*Task to carry out*.
Starting from the line with "ヴァレンティノ レーヨン クルーネック" and going up to and including the line with "SeeByChloe Tan Sherpa Leather Boots, 38", copy the listing below exactly. Leave all images out.

━━━ Source information ━━━

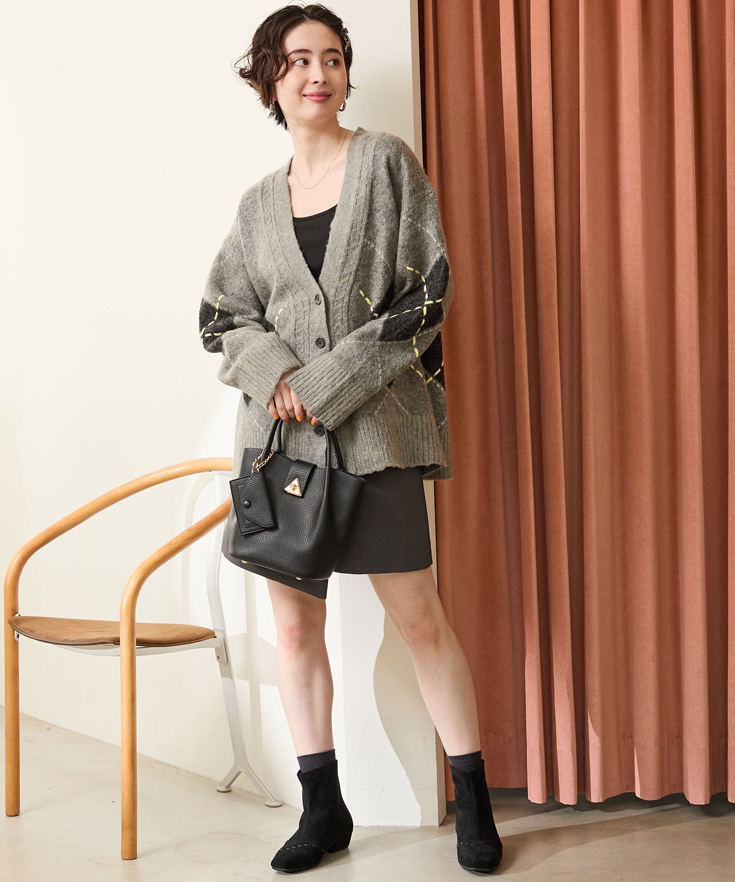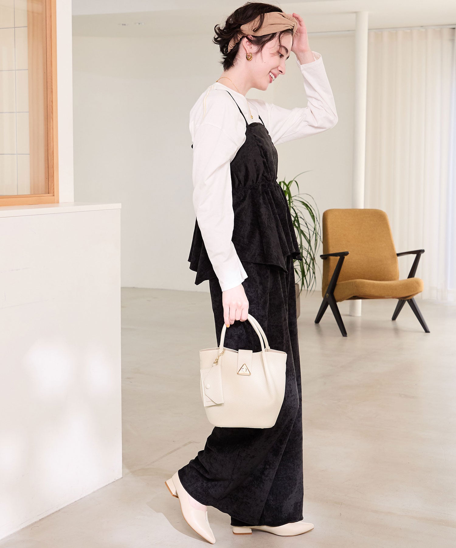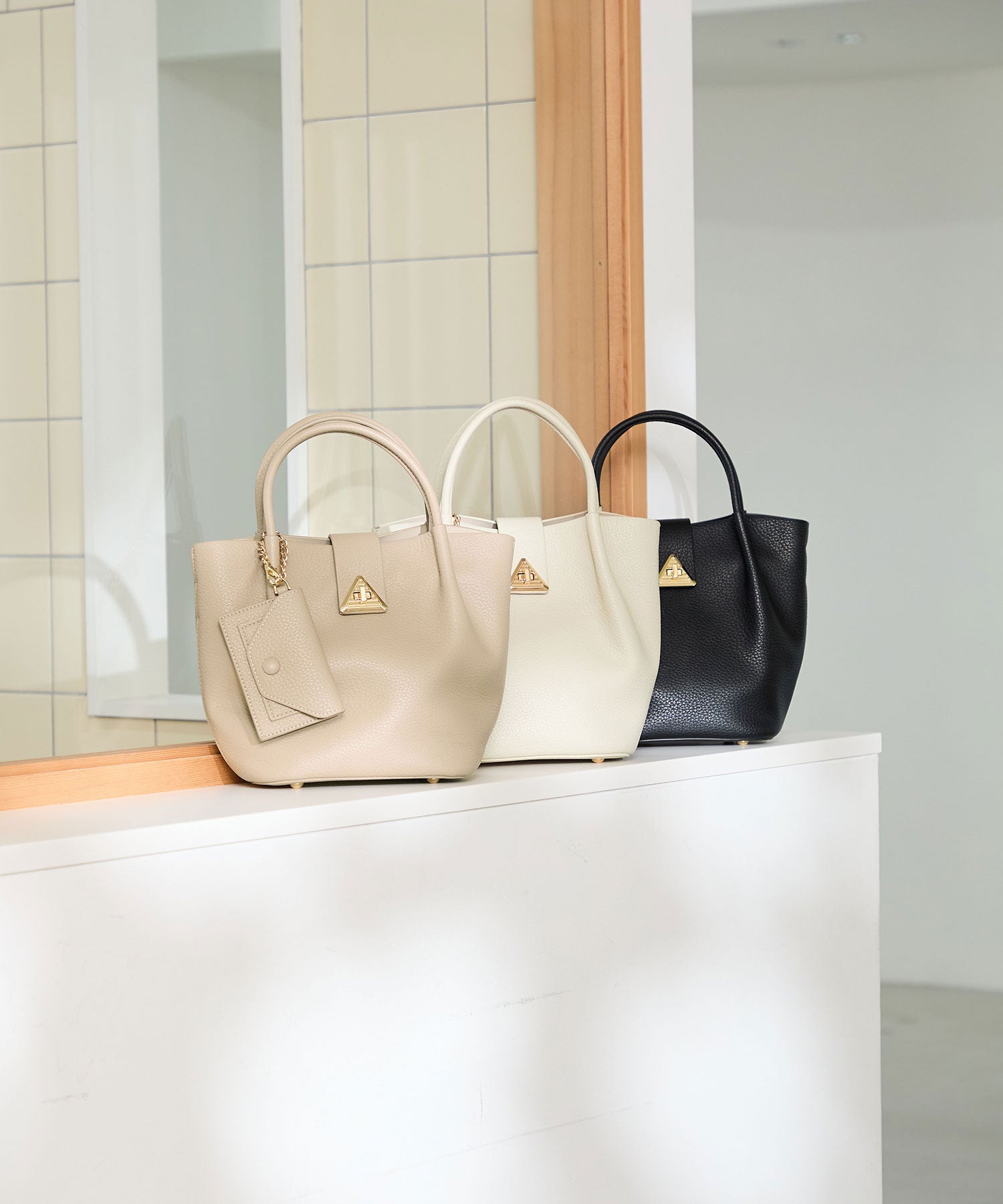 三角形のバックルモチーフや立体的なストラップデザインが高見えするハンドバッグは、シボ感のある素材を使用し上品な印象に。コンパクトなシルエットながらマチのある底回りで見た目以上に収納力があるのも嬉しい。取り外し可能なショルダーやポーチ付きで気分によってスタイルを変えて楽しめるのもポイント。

━━━
━━━ Source information ━━━

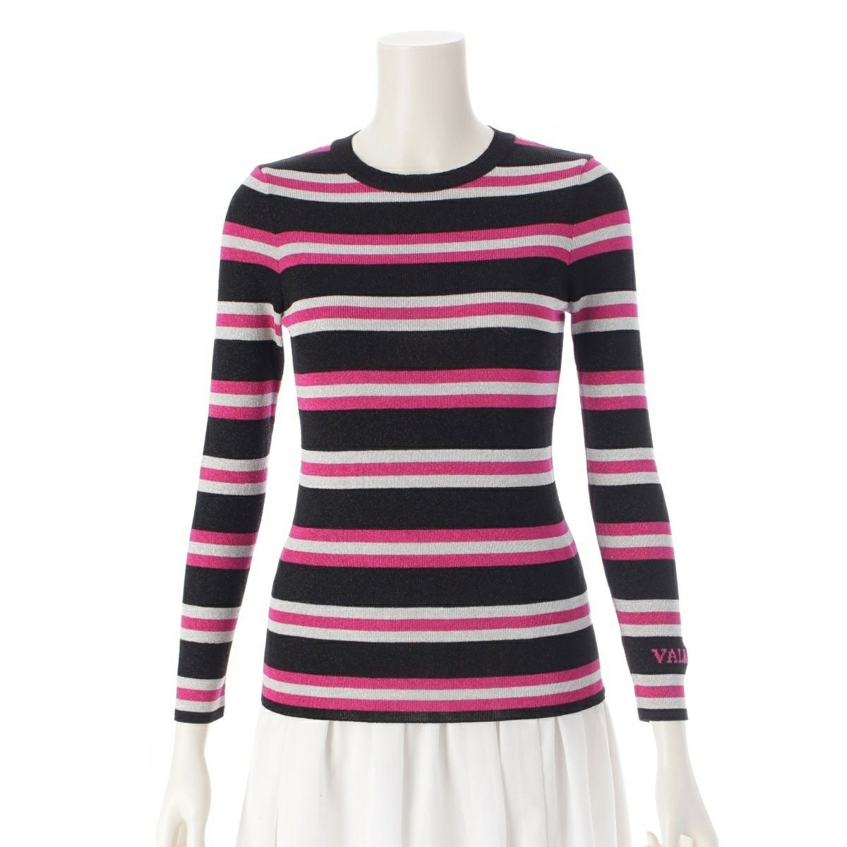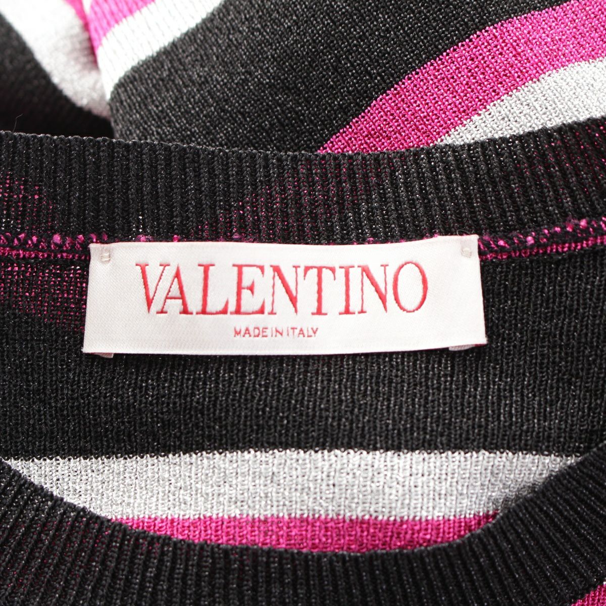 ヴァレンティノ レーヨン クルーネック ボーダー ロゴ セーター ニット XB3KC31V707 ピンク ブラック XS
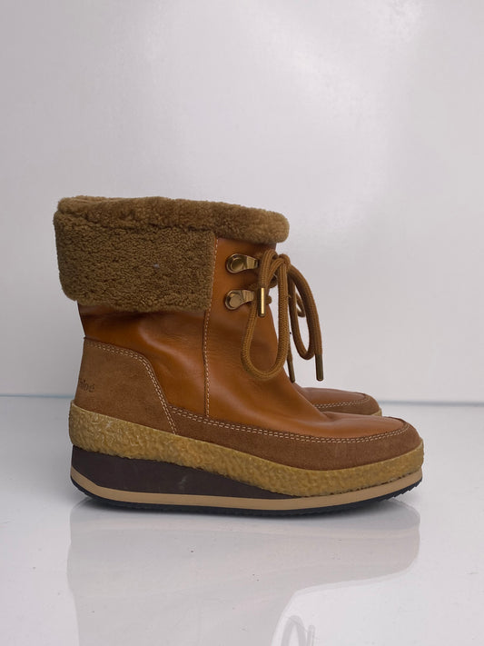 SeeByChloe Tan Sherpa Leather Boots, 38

━━━

*Written answer*.
 ヴァレンティノ レーヨン クルーネック ボーダー ロゴ セーター ニット XB3KC31V707 ピンク ブラック XS
 SeeByChloe Tan Sherpa Leather Boots, 38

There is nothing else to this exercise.